Retraining the ScanSSD model

To retrain the ScanSSD model, we use the training_data file provided by the GitHub package.

1. Start the Visdom server by running:

~$ python3 -m visdom.server

If want to run the Visdom server in the background, run

~$ nohup python3 -m visdom.server &

2. Change to the ssd directory and run train.py with the given training_data file

~$ cd /home/pwang/data/GTDB/ssd
~$ python3 train.py 
--dataset GTDB 
--dataset_root /data/pwang/data/GTDB/ 
--cuda True 
--visdom True 
--batch_size 16 
--num_workers 4 
--exp_name IOU512_pw18 
--model_type 512 
--training_data training_data 
--cfg hboxes512 
--loss_fun ce 
--kernel 1 5 
--padding 0 2 
--neg_mining True 
--pos_thresh 0.75

If want to run in the background, use the nohup command to run the above command.

The following are list of parameters:

--dataset specifies dataset name.

--dataset_root specifies dataset’s home/root directory.

--cuda specifies whether use CUDA to train model, True or False.

--visdom specifies whether use Visdom for loss visualization, True or False.

--batch_size specifies batch size for training.

--num_workers specifies number of workers used in data loading.

--exp_name specifies experiment name. For example, with the value as IOU512_pw18, it means the directory weights_IOU512_pw18 will be created to save all weights files, and the final weight file will be named as IOU512_pw18GTDB.pth.

--model_type specifies type of ssd model, ssd300 or ssd512.

--training_data specifies training data to use. Each line specifies one page image with format as document_name/page_number.

--cfg specifies type of network, gtdb, math_gtdb_512 or hboxes512.

--loss_fun specifies type of loss: either fl (focal loss) or ce (cross entropy) .

--kernel specifies kernel size for feature layers: 3 3 or 1 5.

--padding specifies padding for feature layers: 1 1 or 0 2.

--neg_mining specifies whether or not to use hard negative mining with ratio 1:3, True or False.
--pos_thresh specifies all default boxes with iou>pos_thresh are considered as positive examples.

Note, on our Linux server, we need to change ssd_net = torch.nn.DataParallel(ssd_net) to ssd_net = torch.nn.DataParallel(ssd_net,device_ids=[0])in train.py.

If CUDA 0 is not available, change [0] to the available one, for example, [1].

To start several sessions at the same time, I highly recommend to prepare several test.py files according to the number of GPUs on your machine, which contain CUDA 0, CUDA 1 ... sequentially. This will save a lot time on modifying the code.
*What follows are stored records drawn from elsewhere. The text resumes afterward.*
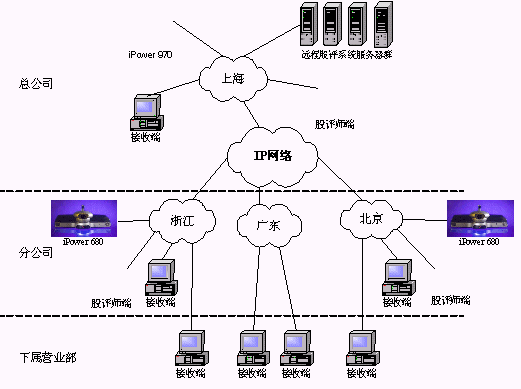 某證券公司有三級網(wǎng)絡,總公司、分公司和下屬營業(yè)部?偣镜椒止編捠2M,在總公司配置一套會議室型電視會議終端POLYCOM 970和一套多點會議服務器Radvision ViaIP400。在分公司配置了38套會議室型電視會議終端POLYCOM 680,用于與總公司進行雙向視頻會議。分公司到營業(yè)部帶寬是512K,各營業(yè)部安裝遠程股評系統(tǒng)接收端程序,遠程股評系統(tǒng)服務器都放置在海通總公司。當在總公司進行股評時,總公司本地攝像頭拍攝教師畫面,MIC采集教師聲音,傳給服務器編碼,再通過網(wǎng)絡供各個接收端接收;當在分公司進行股評時,首先分公司的電視會議設備采集教師畫面及聲音傳回總公司的電視會議設備,再傳給遠程股評系統(tǒng)的服務器進行編碼,然后通過網(wǎng)絡發(fā)布,供接收端接收。(結構如下圖)
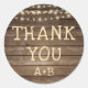 Pegatina Redonda Boda Luces de Madera Rústica Iniciales GRACIAS
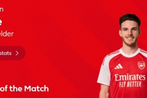 3次关键传球,英超官方:赖斯当选阿森纳1-1布伦特福德全场最佳
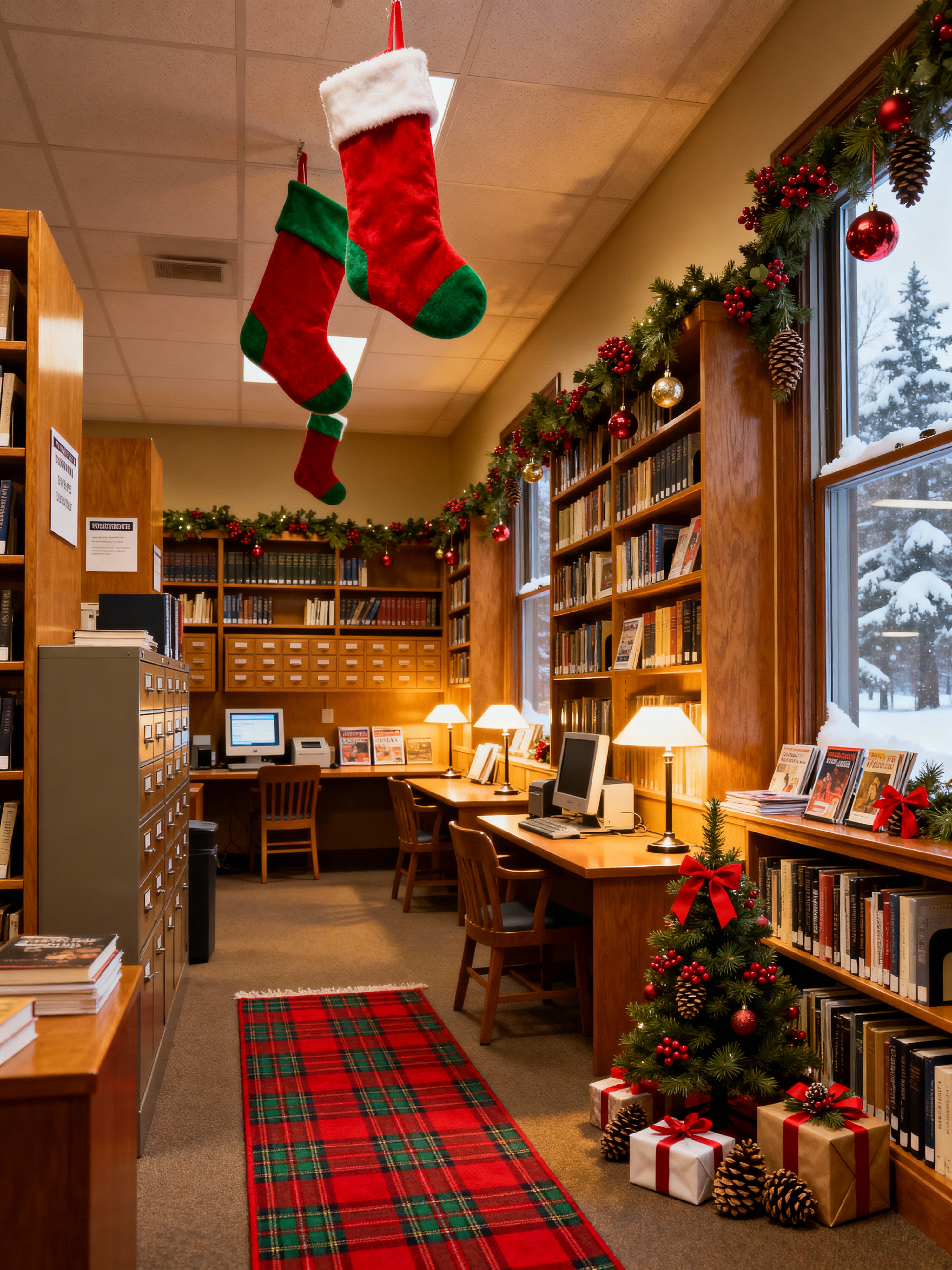 library with christmas style with card catalogs and computer terminals and reference books and quiet signs and periodicals and bookshelves and study lamps and reading tables. . with berries and greenery draped and giftwrapped gifts and tie pinecones and berries and a few big socks hanging and snow outside and ribbons and plaid rugs and christmas ornaments

3. Run test.py with the given validation_data file in the ssd directory

~$ python3 test.py 
--dataset_root ../ 
--trained_model IOU512_pw18GTDB.pth 
--visual_threshold 0.25
--cuda True 
--exp_name test_MATH512_pw18 
--test_data validation_data 
--suffix "_512" 
--model_type 512 
--cfg hboxes512 
--padding 0 2 
--kernel 1 5 
--batch_size 4

The following are list of parameters:

--dataset_root specifies dataset’s home/root directory.

--trained_model specifies the trained weight file including path and file name.

--visual_threshold specifies final confidence threshold.

--cuda specifies whether use CUDA to train model, True or False.

--exp_name specifies experiment name that is used to create a directory to store all test outputs.
--test_data specifies the testing data file. Each line specifies one page image with format as document_name/page_number.

--suffix specifies suffix of directory of images for testing.

--model_type specifies type of ssd model, ssd300 or ssd512.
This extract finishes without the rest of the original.